We limited data collection when we had ascertained which parameters displayed highly significant quantitative differences or qualitative differences. Thus, we do not deny that some criteria for which differences between groups were not significant might have shown differences if much higher sample numbers were used, but such putative differences are not central to the hypothesis under test. No data were excluded where the experiment fulfilled the quality control for the optimized procedures. If outliers existed, they are presented in the data.

Selection of endpoints

Endpoints were prospectively selected, and the appropriate statistical corrections made, based on an extensive literature, including our own.

Replicates

The numbers of replicates are indicated in each figure panel and legend.

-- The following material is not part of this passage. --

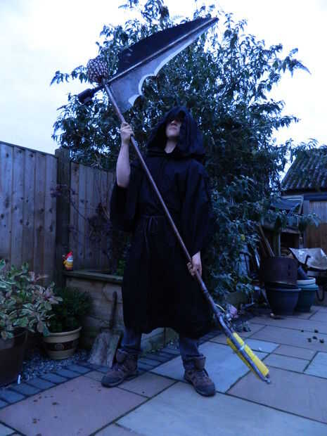 Tubo de un doble de Rubén no fue suficiente para mí, así que tenía que agregar una carga extra de fuego. Encontré una vieja cesta de acero, con lo que parecía ser los granos de cristal en él. Rápidamente descubrí, no se trataba de cristal, y ahora tengo varios grados de quemaduras permanente Testamento a este hecho. En cualquier caso, montara la cesta sobre el uso de un pedazo de taco que encajan muy bien en la parte superior de la guadaña y tuvo que ser martillado. Entonces atornillan la cesta en la espiga.

Research subjects or units of investigation

All PBMC samples were isolated from commercially available, anonymized human peripheral blood samples (a.k.a. cones) from healthy donors, provided by the NHS Blood and Transplant Service.

Experimental design

This study was performed under controlled laboratory experiments; using established flow cytometry, transcriptomics, and functional assessment methods.

Randomization and blinding

Non-applicable. Studies were conducted in a sequence informed by data accrual. Investigators who assessed, measured, or quantified results were commonly blinded to the identities of the experimental groups.

Cells and antibodies

All cell lines, primary cells, and antibodies are described in the Supplementary Materials and table S8.

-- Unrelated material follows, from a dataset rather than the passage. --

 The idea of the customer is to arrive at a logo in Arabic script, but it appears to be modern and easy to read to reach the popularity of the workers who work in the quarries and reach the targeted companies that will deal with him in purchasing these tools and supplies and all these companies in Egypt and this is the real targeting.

Generation of TCR transductants

TCR α and β chains were amplified by conventional reverse transcription polymerase chain reaction from cDNA derived from PBMCs RNA and cloned into pCSIW (19) as a TCRβ–internal ribosomal entry site–TCRα cassette, using the following primers (all sequences read 5′ to 3′): TRBV5-1 (forward): ATGGGCTCCAGGCTGC; TRBV5-4 (forward): ATGGGCCCTGGGCTC; TRBV6-1 (forward): ATGAGCATCGGGCTCCTG; TRBV6-5 (forward): ATGAGCATCGGCCTCCTG; TRBV6-6 (forward): ATGAGCATCAGCCTCCTGTG; TRBV12-3 (forward): ATGGACTCCTGGACCTTCTGC; TRBV12-5 (forward): ATGGCCACCAGGCTCC; TRBV20-1 (forward): ATGCTGCTGCTTCTGCTGC; TRBV29-1 (forward): ATGCTGAGTCTTCTGCTCCTTCTC; TRBC1 (reverse): CTCCACTTCCAGGGCTGC; TRAV24 (forward): ATGGATGGAGAAGAATCCTTTGGCAGC; TRAC (reverse): TCAGCTGGACCACAGCC.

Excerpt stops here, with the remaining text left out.